**What this task involves**: Could you repeat exactly the lines below, from the line containing "home laughing hysterically." through the last one, both included, while leaving out any pictures?
(Beginning of Data section)
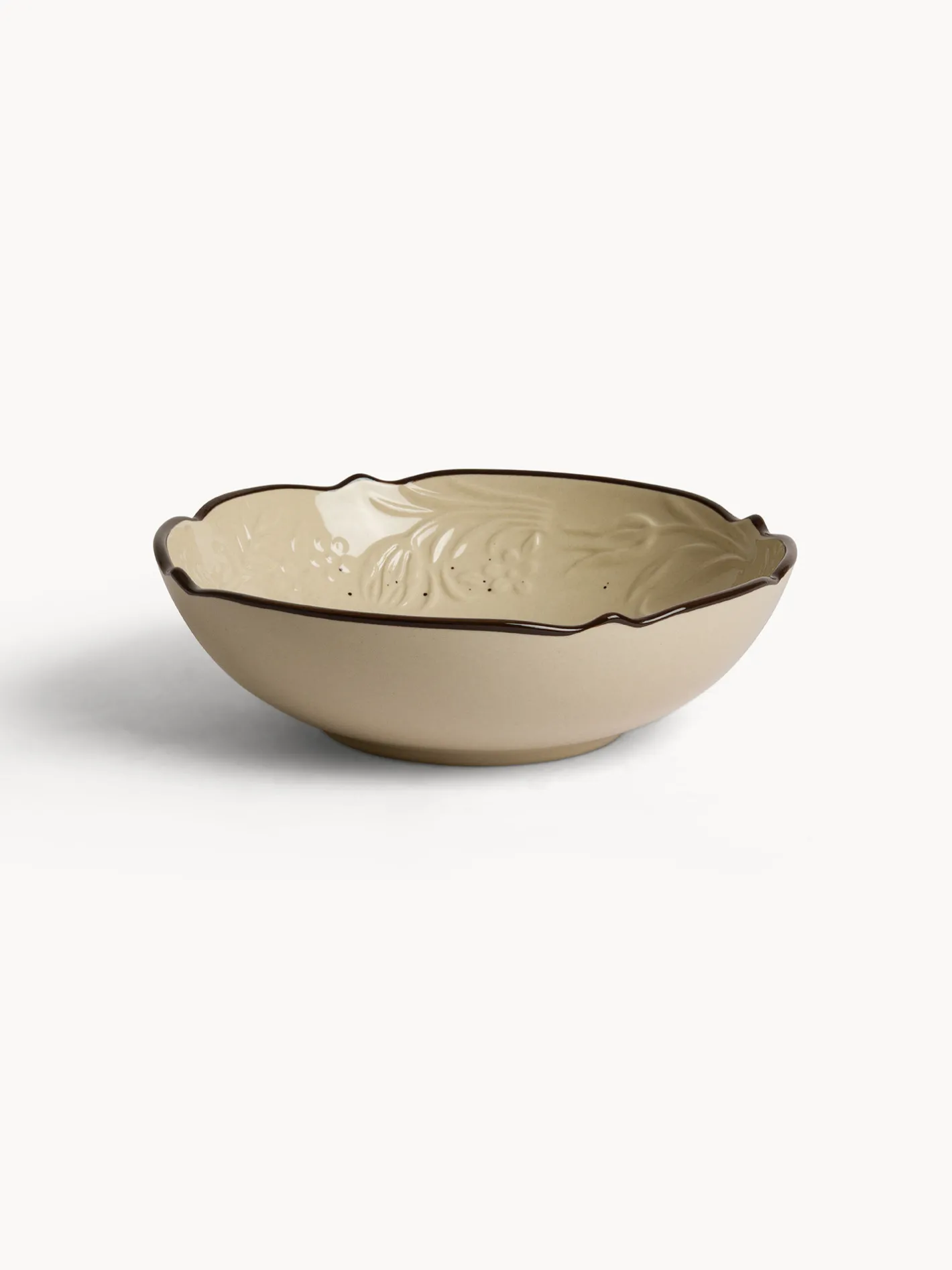 - Elegante piatto fondo in stoneware con raffinato filo marrone sul bordo, disponibile anche nella versione piatto piano e piatto frutta coordinati. Realizzati con materiali resistenti e di qualità, uniscono semplicità e stile, rendendo la tavola armoniosa e accogliente in ogni occasione. La linea essenziale e il dettaglio del bordo marrone si adattano perfettamente a mise en place moderne e tradizionali, ideali sia per l’uso quotidiano che per momenti speciali.
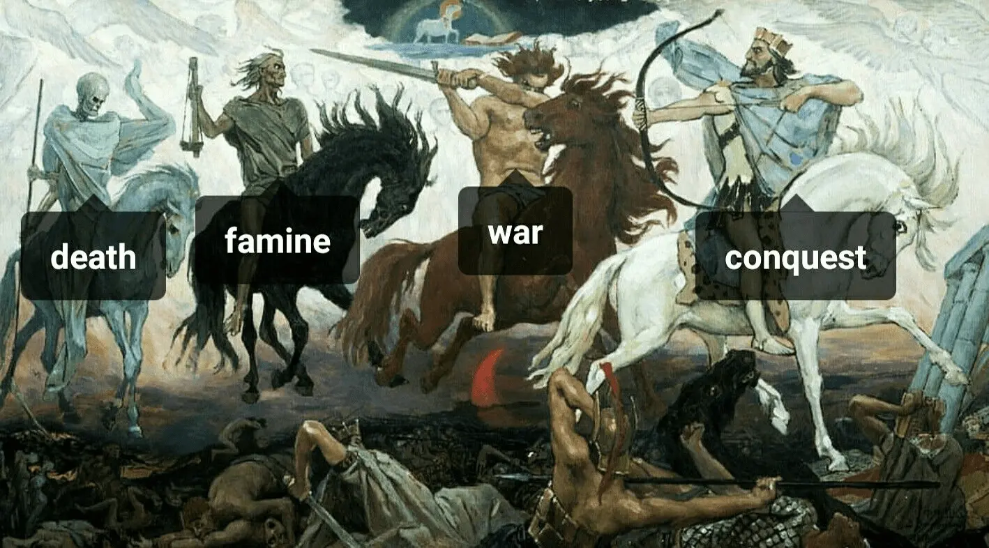 "I concur", said the Horseman of Famine, "Let's go back home cuz I'm as hungry as hell!" as they all galloped back home laughing hysterically.
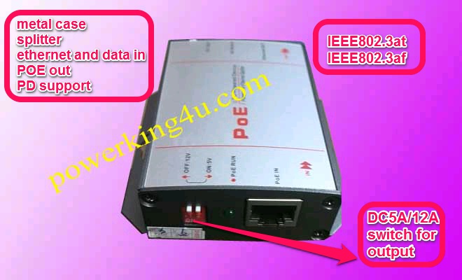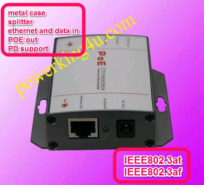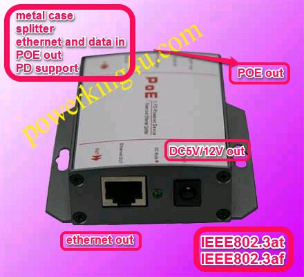 POE splitter PS009 Features IEEE 802.3af-compliant Provide 5V/12VDC optional output The maximum transmission distance is 100 meters Plug and play, no configuration Small, compact, quiet design,it is convenient to be placed on the desktop or wall
(End of Data section)
**Solved exercise**:
 "I concur", said the Horseman of Famine, "Let's go back home cuz I'm as hungry as hell!" as they all galloped back home laughing hysterically.
 POE splitter PS009 Features IEEE 802.3af-compliant Provide 5V/12VDC optional output The maximum transmission distance is 100 meters Plug and play, no configuration Small, compact, quiet design,it is convenient to be placed on the desktop or wall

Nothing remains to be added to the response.